What you are asked to do ->
Copy exactly the lines starting at the one that contains "Carl Wahlbom var" and running through the end of the material below. Exclude any pictures.

Given information ->
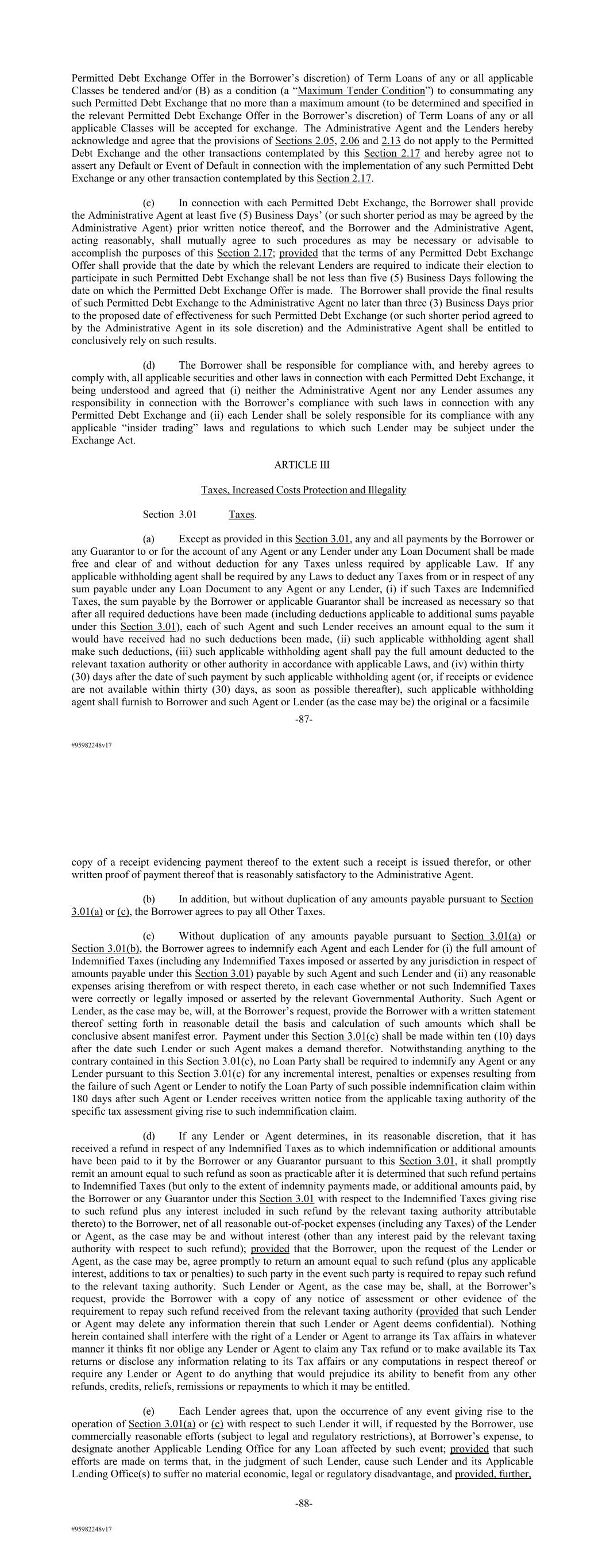 #95982248v17 Permitted Debt Exchange Offer in the Borrower’s discretion) of Term Loans of any or all applicable Classes be tendered and/or (B) as a condition (a “Maximum Tender Condition”) to consummating any such Permitted Debt Exchange that no more than a maximum amount (to be determined and specified in the relevant Permitted Debt Exchange Offer in the Borrower’s discretion) of Term Loans of any or all applicable Classes will be accepted for exchange. The Administrative Agent and the Lenders hereby acknowledge and agree that the provisions of Sections 2.05, 2.06 and 2.13 do not apply to the Permitted Debt Exchange and the other transactions contemplated by this Section 2.17 and hereby agree not to assert any Default or Event of Default in connection with the implementation of any such Permitted Debt Exchange or any other transaction contemplated by this Section 2.17. (c) In connection with each Permitted Debt Exchange, the Borrower shall provide the Administrative Agent at least five (5) Business Days’ (or such shorter period as may be agreed by the Administrative Agent) prior written notice thereof, and the Borrower and the Administrative Agent, acting reasonably, shall mutually agree to such procedures as may be necessary or advisable to accomplish the purposes of this Section 2.17; provided that the terms of any Permitted Debt Exchange Offer shall provide that the date by which the relevant Lenders are required to indicate their election to participate in such Permitted Debt Exchange shall be not less than five (5) Business Days following the date on which the Permitted Debt Exchange Offer is made. The Borrower shall provide the final results of such Permitted Debt Exchange to the Administrative Agent no later than three (3) Business Days prior to the proposed date of effectiveness for such Permitted Debt Exchange (or such shorter period agreed to by the Administrative Agent in its sole discretion) and the Administrative Agent shall be entitled to conclusively rely on such results. (d) The Borrower shall be responsible for compliance with, and hereby agrees to comply with, all applicable securities and other laws in connection with each Permitted Debt Exchange, it being understood and agreed that (i) neither the Administrative Agent nor any Lender assumes any responsibility in connection with the Borrower’s compliance with such laws in connection with any Permitted Debt Exchange and (ii) each Lender shall be solely responsible for its compliance with any applicable “insider trading” laws and regulations to which such Lender may be subject under the Exchange Act. ARTICLE III Taxes, Increased Costs Protection and Illegality Section 3.01 Taxes. (a) Except as provided in this Section 3.01, any and all payments by the Borrower or any Guarantor to or for the account of any Agent or any Lender under any Loan Document shall be made free and clear of and without deduction for any Taxes unless required by applicable Law. If any applicable withholding agent shall be required by any Laws to deduct any Taxes from or in respect of any sum payable under any Loan Document to any Agent or any Lender, (i) if such Taxes are Indemnified Taxes, the sum payable by the Borrower or applicable Guarantor shall be increased as necessary so that after all required deductions have been made (including deductions applicable to additional sums payable under this Section 3.01), each of such Agent and such Lender receives an amount equal to the sum it would have received had no such deductions been made, (ii) such applicable withholding agent shall make such deductions, (iii) such applicable withholding agent shall pay the full amount deducted to the relevant taxation authority or other authority in accordance with applicable Laws, and (iv) within thirty (30) days after the date of such payment by such applicable withholding agent (or, if receipts or evidence are not available within thirty (30) days, as soon as possible thereafter), such applicable withholding agent shall furnish to Borrower and such Agent or Lender (as the case may be) the original or a facsimile -87- #95982248v17 copy of a receipt evidencing payment thereof to the extent such a receipt is issued therefor, or other written proof of payment thereof that is reasonably satisfactory to the Administrative Agent. (b) In addition, but without duplication of any amounts payable pursuant to Section 3.01(a) or (c), the Borrower agrees to pay all Other Taxes. (c) Without duplication of any amounts payable pursuant to Section 3.01(a) or Section 3.01(b), the Borrower agrees to indemnify each Agent and each Lender for (i) the full amount of Indemnified Taxes (including any Indemnified Taxes imposed or asserted by any jurisdiction in respect of amounts payable under this Section 3.01) payable by such Agent and such Lender and (ii) any reasonable expenses arising therefrom or with respect thereto, in each case whether or not such Indemnified Taxes were correctly or legally imposed or asserted by the relevant Governmental Authority. Such Agent or Lender, as the case may be, will, at the Borrower’s request, provide the Borrower with a written statement thereof setting forth in reasonable detail the basis and calculation of such amounts which shall be conclusive absent manifest error. Payment under this Section 3.01(c) shall be made within ten (10) days after the date such Lender or such Agent makes a demand therefor. Notwithstanding anything to the contrary contained in this Section 3.01(c), no Loan Party shall be required to indemnify any Agent or any Lender pursuant to this Section 3.01(c) for any incremental interest, penalties or expenses resulting from the failure of such Agent or Lender to notify the Loan Party of such possible indemnification claim within 180 days after such Agent or Lender receives written notice from the applicable taxing authority of the specific tax assessment giving rise to such indemnification claim. (d) If any Lend
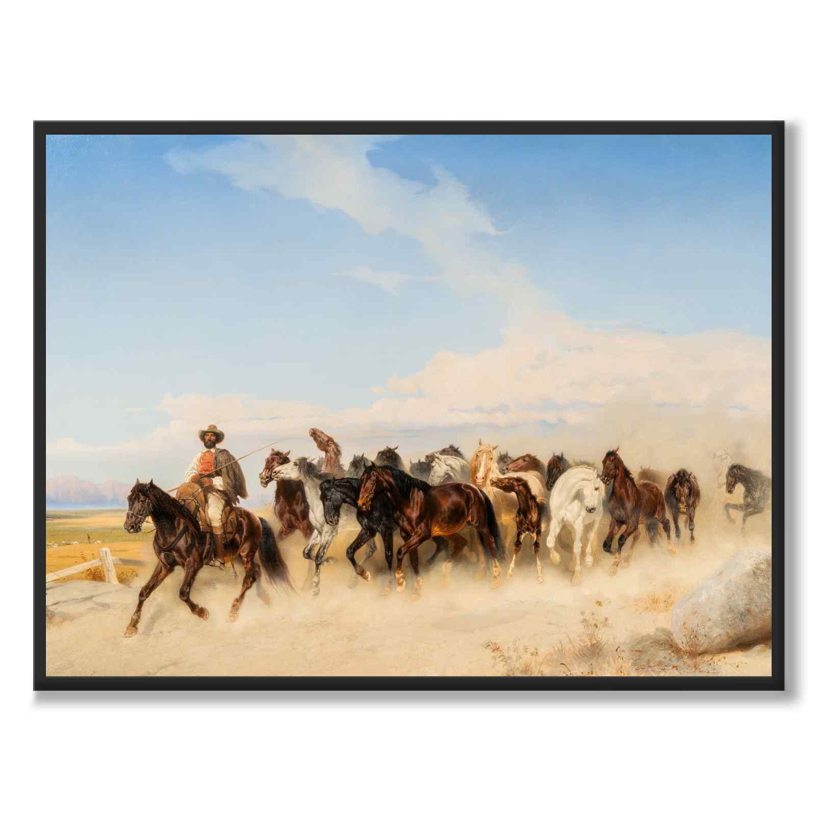 Carl Wahlbom var en av Sveriges mest populære historiemalere på 1800-tallet. Det fengslende maleriet viser en mann på hesteryggen som leder en flokk med hester i et vakkert landskap i Campagna, Italia. Det er et oljemaleri laget med vakre, sterke farger.
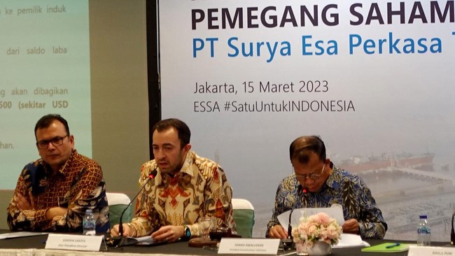 Jakarta - PT Surya Esa Perkasa Tbk (ESSA) emiten sektor Energi dan Kimia dengan kilang LPG (Liquefied Petroleum Gas) dan pabrik Amoniak menyebar dividen Rp 775,2 M

Written answer ->
 Carl Wahlbom var en av Sveriges mest populære historiemalere på 1800-tallet. Det fengslende maleriet viser en mann på hesteryggen som leder en flokk med hester i et vakkert landskap i Campagna, Italia. Det er et oljemaleri laget med vakre, sterke farger.
 Jakarta - PT Surya Esa Perkasa Tbk (ESSA) emiten sektor Energi dan Kimia dengan kilang LPG (Liquefied Petroleum Gas) dan pabrik Amoniak menyebar dividen Rp 775,2 M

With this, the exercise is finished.